Glancy’s golf resort, like Jasinski’s, features a special golfer’s massage option. A full-body, 50-minute session, the golfer’s massage is typically a deep one that targets the client’s problem areas. Including both trigger point and passive stretching, the bodywork further focuses on the lower back and scapula area, as well as the pelvic and calf regions. Recommending massage to all golfers prior to their entrance onto the course, Glancy sees such work, even when isolated to the chair venue, as a necessary way to warm up muscles while offsetting potential injuries.
It was 1984, and golf-lover Michael Gesmundo thought his chances for playing the game had come to a crashing halt after 10 years on the green. As the result of a collision, Gesmundo was thrown through the windshield of his car. Both knees were hurled into the dashboard and Gesmundo’s middle and lower back also took a great impact, abruptly sidelining him. Afterward, he endured a seven-month physical therapy regime, but never really recouped. That is until his chiropractor suggested massage therapy.
“I see the massage therapist every week,” Gesmundo says. “She works on all musculature that affects my golf game, such as neck, shoulders, mid- and lower back, hips, arms, legs, glutes, and hands for an hour and a half.” The 62-year-old resident of Town of Newburgh, N.Y., says, “As a result, my game has greatly improved. It really alleviates the pain, especially deep-tissue massage. I may start out a bit sore when I first begin playing, but after a little bit of stretching, I can pretty much play pain-free.”
As a regular player in seniors’ tournaments, Gesmundo is acquainted with many others who take the massage therapy route and says he’s heard nothing but positive feedback from them on their bodywork experiences. An appropriately trained therapist is key though. “You need to make sure to find the right one,” he adds.

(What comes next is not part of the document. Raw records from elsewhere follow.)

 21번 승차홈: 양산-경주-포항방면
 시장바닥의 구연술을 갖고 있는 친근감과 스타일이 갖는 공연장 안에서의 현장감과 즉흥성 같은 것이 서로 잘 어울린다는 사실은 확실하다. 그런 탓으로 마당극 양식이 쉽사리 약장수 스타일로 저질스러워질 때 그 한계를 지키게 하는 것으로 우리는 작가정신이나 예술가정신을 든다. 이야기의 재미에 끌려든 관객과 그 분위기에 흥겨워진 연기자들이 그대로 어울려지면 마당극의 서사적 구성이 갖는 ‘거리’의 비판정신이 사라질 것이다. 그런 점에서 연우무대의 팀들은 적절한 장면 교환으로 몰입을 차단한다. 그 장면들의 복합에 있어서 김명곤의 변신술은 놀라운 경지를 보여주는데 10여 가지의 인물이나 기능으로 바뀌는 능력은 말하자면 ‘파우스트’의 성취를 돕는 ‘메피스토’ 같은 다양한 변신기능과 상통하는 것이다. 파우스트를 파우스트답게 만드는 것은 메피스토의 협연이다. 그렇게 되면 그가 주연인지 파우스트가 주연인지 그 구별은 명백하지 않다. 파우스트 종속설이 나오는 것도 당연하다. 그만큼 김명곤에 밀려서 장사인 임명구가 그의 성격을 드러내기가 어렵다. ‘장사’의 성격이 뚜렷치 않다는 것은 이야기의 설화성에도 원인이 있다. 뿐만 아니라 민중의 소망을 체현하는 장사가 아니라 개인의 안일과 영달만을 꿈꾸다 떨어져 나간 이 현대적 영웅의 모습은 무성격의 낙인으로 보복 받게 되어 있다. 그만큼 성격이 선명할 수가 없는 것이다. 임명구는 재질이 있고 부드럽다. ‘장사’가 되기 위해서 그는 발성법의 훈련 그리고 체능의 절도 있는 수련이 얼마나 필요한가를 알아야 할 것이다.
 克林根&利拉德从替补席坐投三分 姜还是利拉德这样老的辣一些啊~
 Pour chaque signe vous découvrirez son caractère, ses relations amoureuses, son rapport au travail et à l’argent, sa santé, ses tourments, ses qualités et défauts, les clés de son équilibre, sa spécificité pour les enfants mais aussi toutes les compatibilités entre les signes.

For Gesmundo, that right one was Kim Fischer — John Fischer’s wife and a licensed massage therapist for the past eight years. In fact, about 40 percent of her clients are golfers. Initially she analyzes the clients first to locate the origin of their pain and stiffness, then Fischer follows a typical massage protocol of effleurage and petrissage to warm and increase circulation to tissue (musculature). She then proceeds with muscle stripping (parallel friction) to lengthen tissue, while breaking down any adhesions the client may possess. The session concludes with good stretching applied to each worked area.
Fischer is a strong advocate for yet another technique when it comes to golfers. “I am a big fan of jostling when working on the gluteals, sometimes for as long as 15 minutes on each side, she says. Fisher is also a firm believer in post-massage ice application to alleviate any resulting soreness and inflammation. “Jostling really helps tire out those muscles, sometimes even evoking a total release.”

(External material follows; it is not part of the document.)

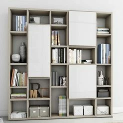 - Innovative Regalwand in Beige und Hochglanz Weiß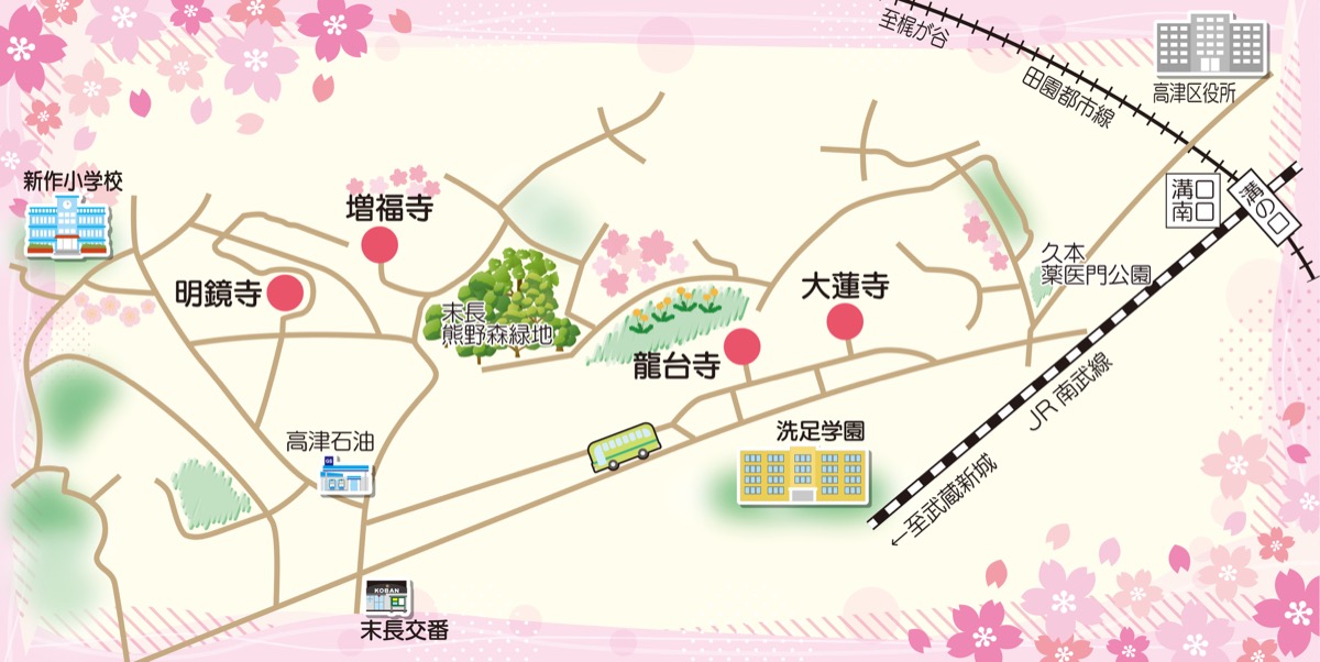 4月8日はお釈迦様のお誕生日―。毎年この日の前後には、全国の寺院で生誕を祝う「花まつり」が催されている。高津区内では大蓮寺(久本)、龍台寺(久本)、明鏡寺(末長)、増福寺(末長)の4寺院を巡るスタンプラリーが、7日(金)から9日(日)に開催される。今回で6回目で、各日午前10時〜午後5時頃まで。

Her husband, John, is a regular, appreciative recipient of her work. “Massage has increased my flexibility and prevented injury; when I had tight hamstrings, strained lower back muscles, as well as
rotator cuff and hand issues, it substantially quickened my healing time,” he says. “For example, rather than a sprain/strain lasting 14 days, I was good to go and play golf comfortably in just two days as a result of the increased circulation to those affected muscles.”
Speak to enough golfers and you will begin to understand why the sport is so popular. Golf welcomes participants of all ages and abilities and offers them beautiful outdoor settings and plenty of exercise. The four to five hours needed to play a typical round provide an ideal platform for socializing, networking, and just plain entertainment. Although every swing, whether a drive, putt, or chip, requires great concentration, the sport provides a level of challenge we are all seeking in one way or another.
“The No. 1 reason people play golf is for the relaxation it offers,” John Fischer explains. “It is a wonderful stress-reducer that is very addictive and just plain fun.”
Of course, players will do whatever it takes to play as pain-free as possible. Is it any wonder they’re turning to massage?